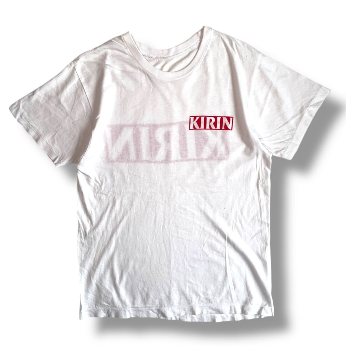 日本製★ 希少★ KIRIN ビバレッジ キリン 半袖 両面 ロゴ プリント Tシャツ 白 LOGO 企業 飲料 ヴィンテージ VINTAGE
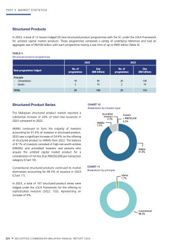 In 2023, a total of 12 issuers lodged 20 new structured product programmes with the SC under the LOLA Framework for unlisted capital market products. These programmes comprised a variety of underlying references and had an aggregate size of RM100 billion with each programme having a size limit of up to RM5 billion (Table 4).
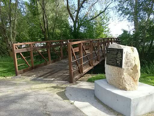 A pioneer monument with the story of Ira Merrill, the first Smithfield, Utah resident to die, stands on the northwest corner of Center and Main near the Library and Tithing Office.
--
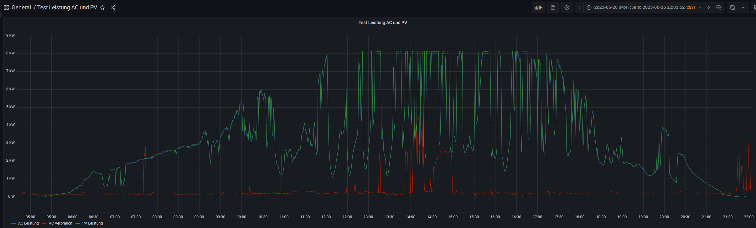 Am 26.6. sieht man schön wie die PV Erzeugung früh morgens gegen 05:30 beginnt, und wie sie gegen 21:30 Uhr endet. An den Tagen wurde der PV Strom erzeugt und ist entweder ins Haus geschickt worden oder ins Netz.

• **Problem details**
Beginning at the line that has "In 2023, a total" and ending at the line that has "A pioneer monument", restate the listing above word for word, pictures left out.

• **Task solution**
 In 2023, a total of 12 issuers lodged 20 new structured product programmes with the SC under the LOLA Framework for unlisted capital market products. These programmes comprised a variety of underlying references and had an aggregate size of RM100 billion with each programme having a size limit of up to RM5 billion (Table 4).
 A pioneer monument with the story of Ira Merrill, the first Smithfield, Utah resident to die, stands on the northwest corner of Center and Main near the Library and Tithing Office.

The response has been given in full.